Unemployment in most places is higher than it has been in decades, and worse still unemployment rates have started rising again as private-sector job growth has stalled and the public sector continues to shed jobs. The economy needs a boost, but Congress is making no progress towards passing a jobs bill. You might be tempted to think Congress can agree on nothing. Well, it depends on what you mean by nothing.

The economic benefits are projected to be small [blogger's note: even according to people whose models capture gains from trade but not the downside]. A federal agency estimated in 2007 that the impact on employment would be 'negligible' and that the deals would increase gross domestic product by about $14.4 billion, or roughly 0.1 percent.
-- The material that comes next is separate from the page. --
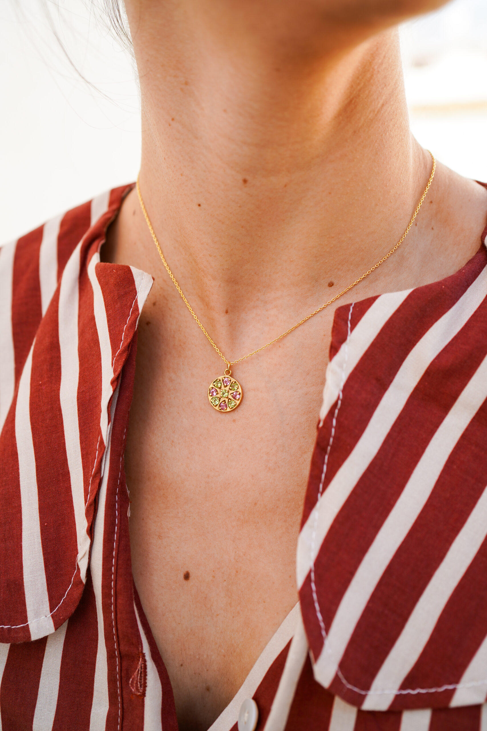 Collar en plata de ley chapado en oro con colgante en forma circular alternando circonitas de color rosa y verde manzana a modo de rosetón.

This 112th Congress is building a solid record of having a negligible effect on employment. Meanwhile, back in the real world, a story that just breaks your heart.

What [Chelsea] Hines wants most are answers — and the confidence that one day she would be able to support a family.

Hines, the Drexel Hill camper, graduated from high school in June and now works in a pizza parlor, hoping she can get enough financial aid to attend Delaware County Community College.

She turns over half her earnings to her family — two working parents, and two brothers, 20 and 13.

The 20-year-old was laid off from a job in a lumber yard. Her father, a news junkie, earned a journalism degree in college and drives a truck. Her mother works as a school secretary, moonlighting as a hairdresser.

'It's not enough,' Hines said. 'It's never enough.'

They lost their home to foreclosure. Now they live in a rental home down the street.

'A lady came and locked the door of our house,' Hines said. 'It was a very saddening experience to have a stranger tell me that I can't live in my home. I walk by it every day. There's a padlock on the door and nobody lives there.

'I don't understand why my parents, who both have jobs, can't afford to live in a rowhouse,' she said.